ADAG (Anil Dhirubhai Ambani Group) stocks also finished with deep cuts. Reliance Power collapsed 11 percent to Rs. 45.85. Reliance Infrastructure shed 6.8 percent at Rs. 375, and Reliance Capital dropped 5.5 percent to Rs. 363. Reliance Communications too plunged 7 percent to Rs. 59.20.

South Indian Bank rallied to a high of Rs. 24.10 on getting board approval to increase borrowing limit to Rs. 6,000 crore from Rs. 5,000 crore. The stock finished 2% in red at Rs. 23.05.

Emami gained 2 percent at Rs. 1,088 after the company entered into an agreement with Sanjeev Juneja to acquire his hair & scalp care business under the 'Kesh King' and allied brands.
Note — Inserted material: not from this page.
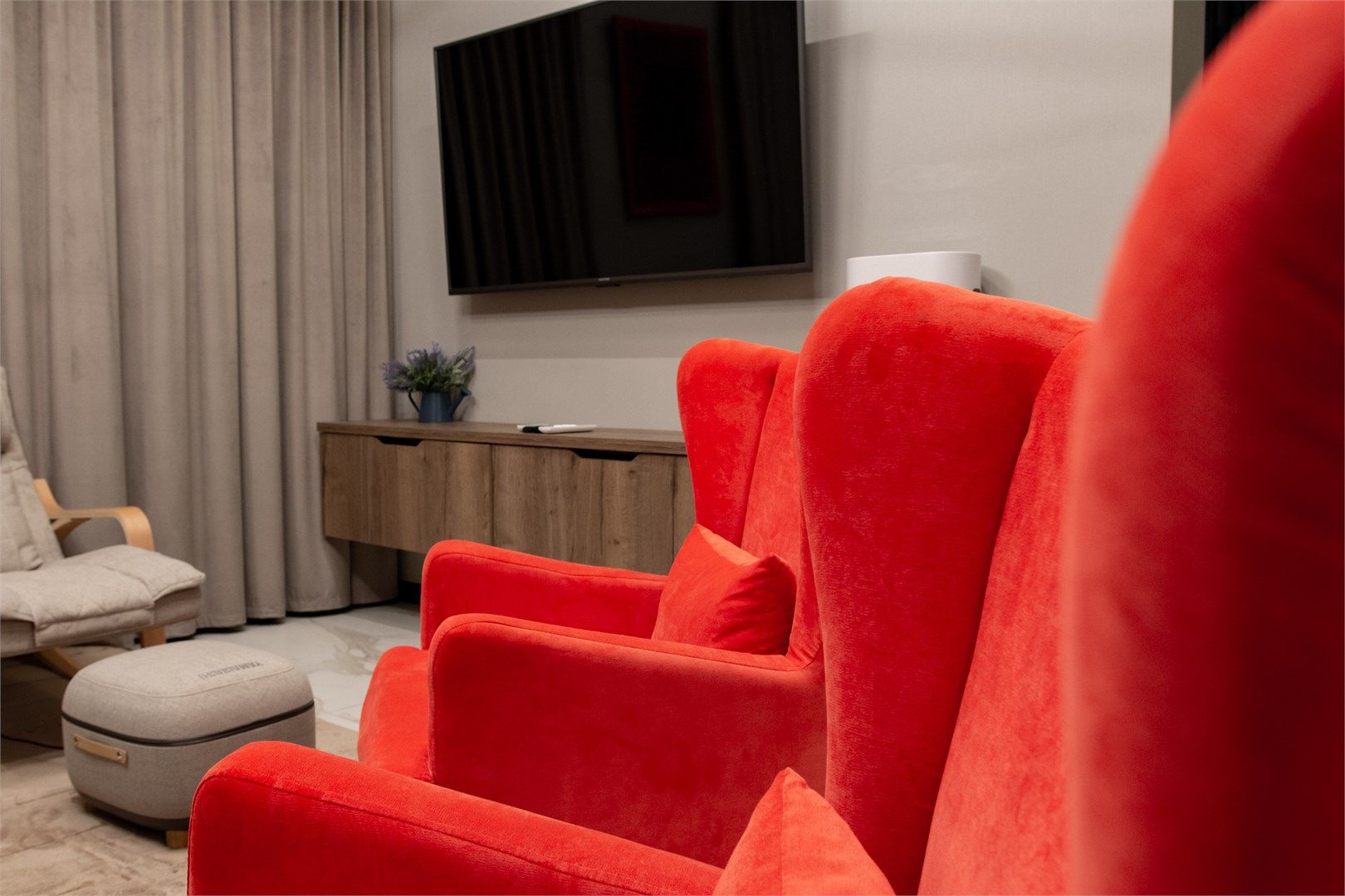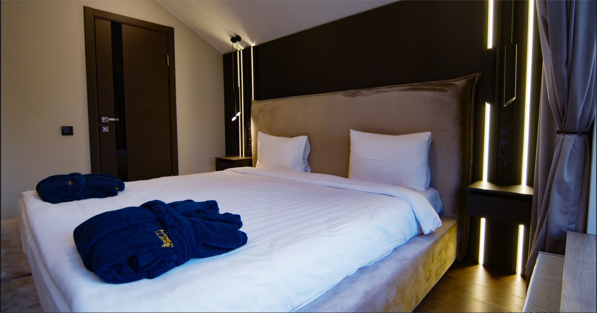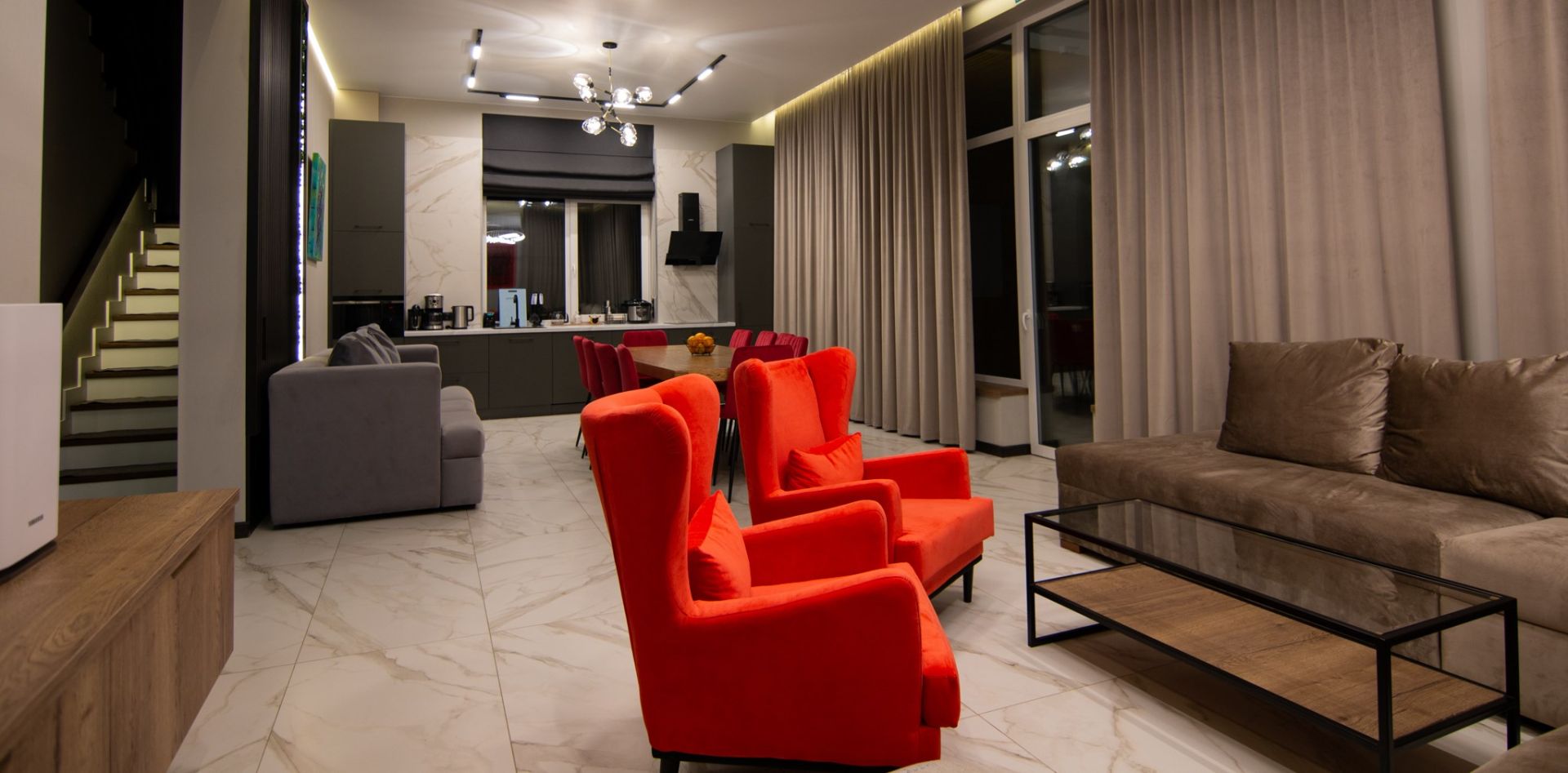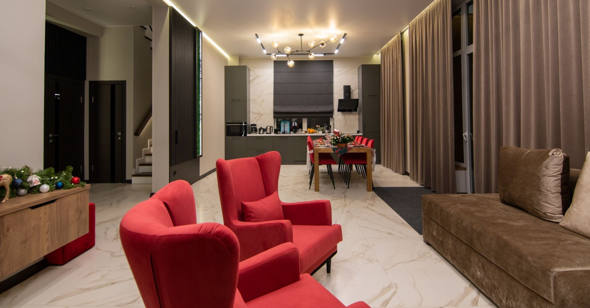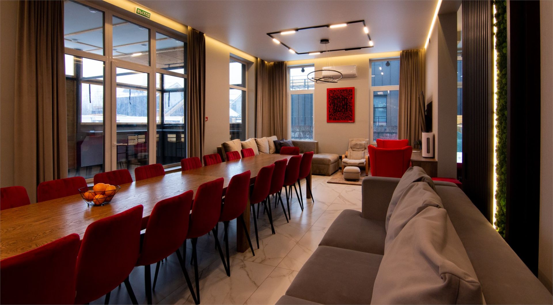 Площадь резиденции 280 кв.м.; ✓ 5 уютных спален с гардеробными, 1 просторная мастер-спальня с собственным санузлом, 3 санузла, комната для хранения багажа; ✓Собственная сауна, кальянная зона, домашний кинотеатр, бар и зона для завтраков на улице; ✓Зона для BBQ, мягкая костровая зона, купель на 8 человек.

India Tourism Development Corporation (ITDC) tumbled 6.8 percent to Rs. 206 on account of profit booking at higher levels. The stock had galloped almost 54 percent in the last three trading sessions following reports that the government will divest its eight loss-making hotels and it includes ITDC properties in Jammu & Kashmir, Guwahati, Bhubaneshwar and Puri.